Wednesday, May 6, 2009

"Marketing" is not just an investment but insurance

Recently, I read an article by Al Ries, legendary marketing strategist. The article was reflecting on overemphasis on marketing metrics and ROI in this age of sophisticated data models used to analyze consumer behaviour. He goes on to say that business world suffers from "metrics madness" and so is marketing buried in ROI analysis. Now I found that intriguing...I spent a year in B-school learning to measure marketing ROI as it was the only way marketing would stay relevant.

Moreover, my engineering background has led to me believe that "if you cant measure something, you cant manage it". And so, as you'd guess, I found Al Ries' comments puzzling to say the least but the guy made his point.

Today, marketing is trying to create its value to business by measuring its impact (ROI, KPI customer metrics).

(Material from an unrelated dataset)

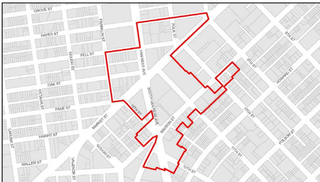
ADJACENT PARCELS AND WESTERN SOMA CLEANUP Van Ness & Market Downtown Residential Special Use District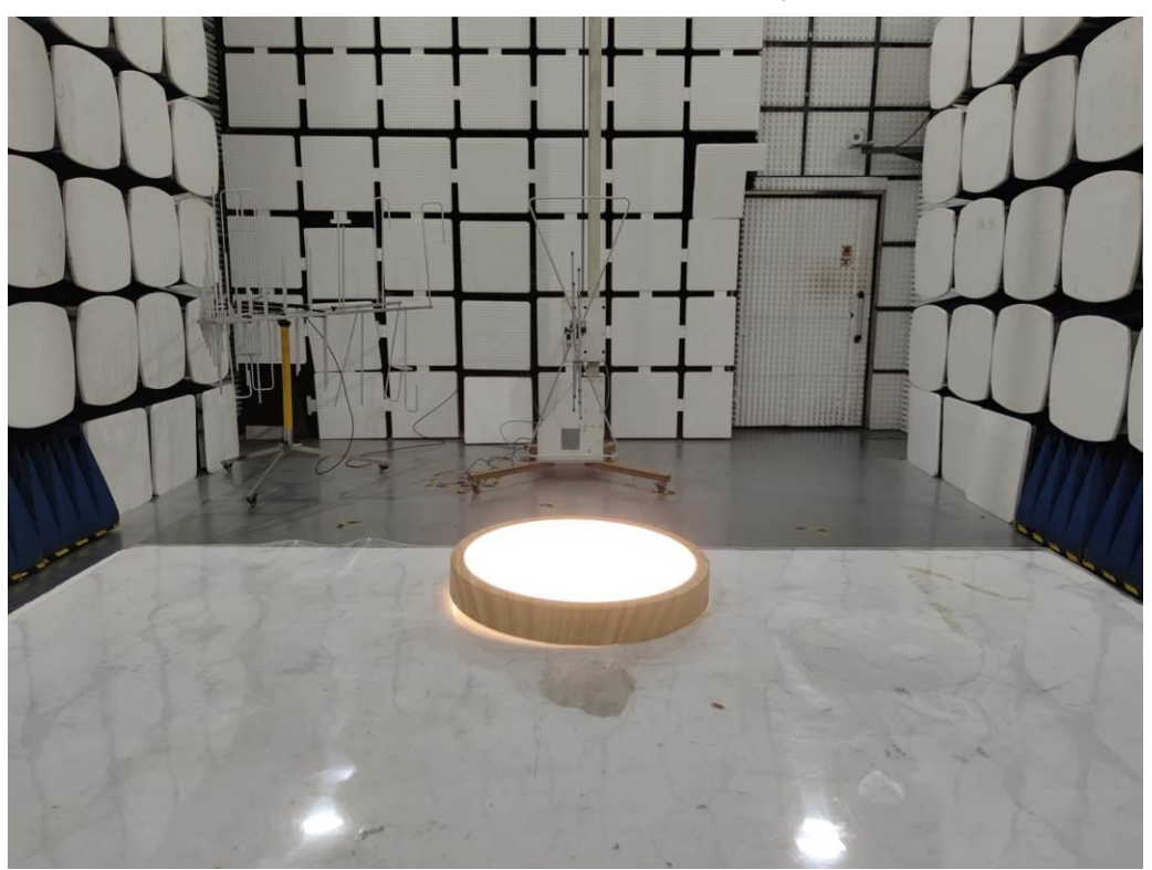
Radiated Emission below 30MHz-AC adapter charge mode

This report shall not be reproduced except in full, without the written approval of Shenzhen LCS Compliance Testing Laboratory Ltd. Page 1 of 1

However, marketing is more of an art than science. You dont need marketing ROI to prove that Apple's marketing efforts are more effective than Microsoft's. Question is can marketing metrics improve or optimize marketing spend - i think it can. But mathematical modeling is an overkill for marketing and is not going to help businesses. You just cant run a company by numbers alone - or you will run the company to ground. What is needed are marketers who are creative and strategic in their approach.

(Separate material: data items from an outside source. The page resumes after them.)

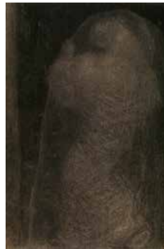
Fig. 2 Matthijs Maris, The Bride , charcoal on paper, 508 x 343 mm, Glasgow Museums, inv. 35/329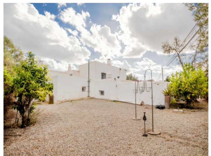
Private parking space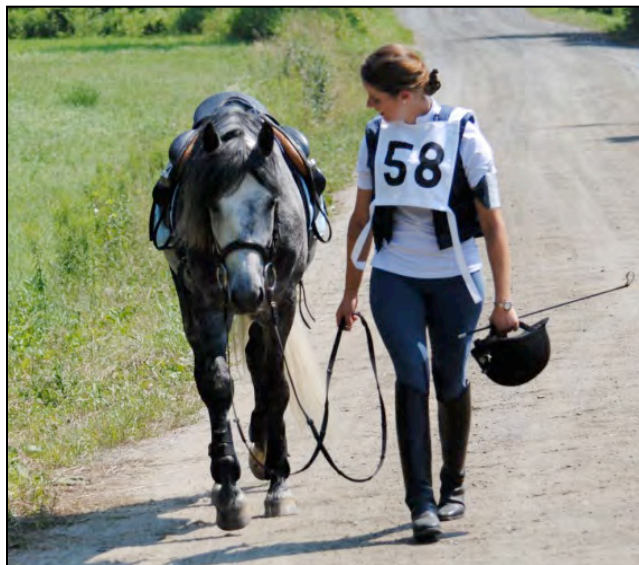
Another good show!!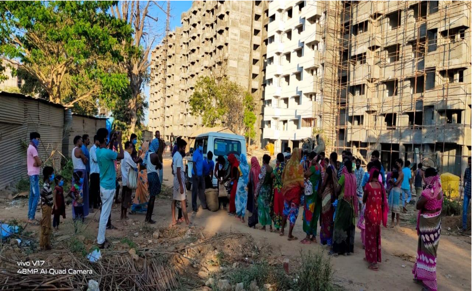
vivo V17 48MP AI Quad Camera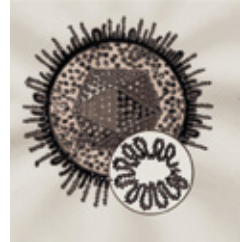
herpes Simplex virus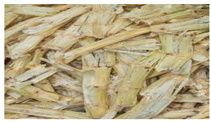
Figure 5: SB sample [20].

Bm from LnC, such as SB, is the remains from the extraction of juice from sugar. It is a readily available, low-cost and renewable resource that has a high potential for use in various applications, including bioplastics, Bf and other value-added products. SB (Fig. 5) is made out of Cl, HmCl and Ln [20].

And if this whole buzz around marketing metrics and data crunching is to create relevance for Marketing in the business, then the whole premise is flawed.

In words of Al Ries: Advertising (read marketing) is more like insurance than it is like an investment. What's your "return on investment" of a five-year term life insurance policy if you don't die? Zero.

We dont buy insurance policy to make money but to protect our family in case we die. Similarly, marketing is an insurance to secure market share and even if ROI is negative, in few circumstances, it is worth every penny if you are defending your market leadership - consequences of losing which is not comprehended in your ROI analysis but could cost the business in the long term.

The overall practice of marketing is not mathematically based, although subsets of the discipline may be: direct marketing, research, media selection. Mathematics is logical. Marketing is not. That's why marketing is so difficult to learn.